Many colleges will play 13-game schedules this season, with their bowl game being No. 14. (Oh, you don’t think a bowl game is so routine? There are 28 sanctioned bowl games, including two fabulous showcase items called the “Continental Tire Bowl,” and the “ConAgra Foods Hawaii Bowl.”

This means 56 of the 117 Division I-A football teams are going to bowls. Eight teams in the Big 12 are guaranteed to go to a bowl. That’s worse than the NHL playoffs. And two of the Big 12 are Kansas and Baylor, so give me a break.

At many schools it’s just a question of which bowl game they play. Florida, Florida State and Miami are to New Year’s Day what Dick Clark is to New Year’s Eve.

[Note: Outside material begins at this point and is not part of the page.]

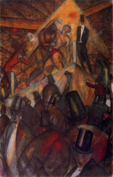Editor: Here we have Picasso's "Woman with Guitar and Piano" from 1911. The overlapping planes of oil paint make it seem almost like a puzzle, reflecting and refracting a domestic scene. At first glance, it feels rather… fragmented. How do you even begin to interpret something like this? Curator: Ah, Picasso. Well, imagine the world not as a fixed, single viewpoint, but as something seen from many angles simultaneously. This isn’t just a woman with her instruments; it's about capturing the essence of how we *experience* a space, a moment. Think of it as time turned into geometry. Editor: So it's less about depicting reality and more about... an idea of reality? Like a memory almost? Curator: Exactly! The curves of the guitar might overlap with architectural lines not because they literally do in reality, but because they coexist in the mind. Picasso wasn't simply painting what he saw, but how he felt, what he remembered, the echoes of sound and shape that lingered. Does it stir something in you, like the echo of a half-forgotten melody? Editor: Now that you mention it, I can see it. At first, I thought it was chaotic, but now I see there's a strange harmony there, a kind of… lyrical geometry? Curator: Precisely. It is lyrical geometry. Picasso invites us to piece it together ourselves, to actively participate in creating the image, just like the musician creating a song. Perhaps he is offering a new song, a fragmented glimpse of the eternal, accessible by guitar, piano and the eye of the curious. What if all of reality, is an abstraction yearning to be understood? Editor: I never thought of it that way before. I went in with the mindset that there was a definitive answer, but maybe it is okay if different minds put it together differently. Curator: Absolutely. Art, at its heart, is a conversation— between the artist, the artwork, and the viewer.

Fourteen games may not be enough for Nebraska. (Not to dredge up old news, but 13 was one too many last year. Ooooh, that Miami game was painful; 34-0 at the half. I don’t want to say Nebraska looked slow against the Hurricanes, but you could have timed the guys in red with a sun dial.)

The Cornhuskers have 13 games on their schedule. If they reach the Big 12 championship, that’s 14. And a bowl makes 15. That’s only one game under the NFL’s 16.

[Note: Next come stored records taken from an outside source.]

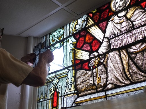 A stained glass window in a city’s oldest surviving church was recently vandalized. A replacement section was created to scale and installed into the original glass panel.
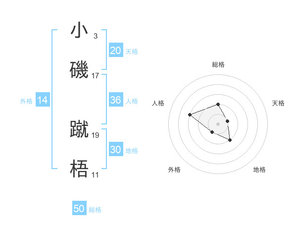 小磯 蹴梧さんの総格は50画の2点!
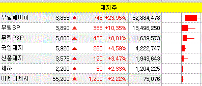 이에 무림페이퍼, 무림SP, 무림P&P 국일제지 등의 주가 부각을 보였으나 장막판에 주춤하는 모습을 보이며 마감하였습니다. 한창제지가 최근 정치테마주 성향을 가지고 있다는 점을 참고하시고, 제지주 전반적으로 검토를 해볼 수 있습니다.

How in good conscience can the NCAA continue to stake out the inane position that they can’t allow a college football playoff system because “it’s too many games for college kids to play,” and “it will take away too much study time”?

Too much study time? When are they supposed to study? At least when college football games were only on Saturdays a player might be able to budget some study time for weeknights. This season, there are college games scheduled for Sunday, Monday, Wednesday, Thursday and Friday, too.

Virginia Tech plays five of its 13 games on days (and nights) other than Saturday. The only day of the week I haven’t yet found a college game is Tuesday. I guess Tuesday must the day the NCAA reserves for studying, Hahaha.

Honestly, how can you have teams playing 13, 14 and 15 games and have those games decide absolutely nothing?

You can’t ask players to devote all their energy from August to December to winning every game, and then tell them, “Sorry, you aren’t one of the two teams we picked for the national title game. But we were very impressed with your congeniality, and we have a great package of parting gifts for you. Please enjoy the Cotton Bowl.”

It’s simply not equitable to decide every other college football division with a playoff, and decide the biggest one of all with an Apple iMac.

Nor is it equitable when some teams are rewarded for losing early in the season, and some other teams are punished disproportionately for losing late.

Holding a playoff is the only fair solution.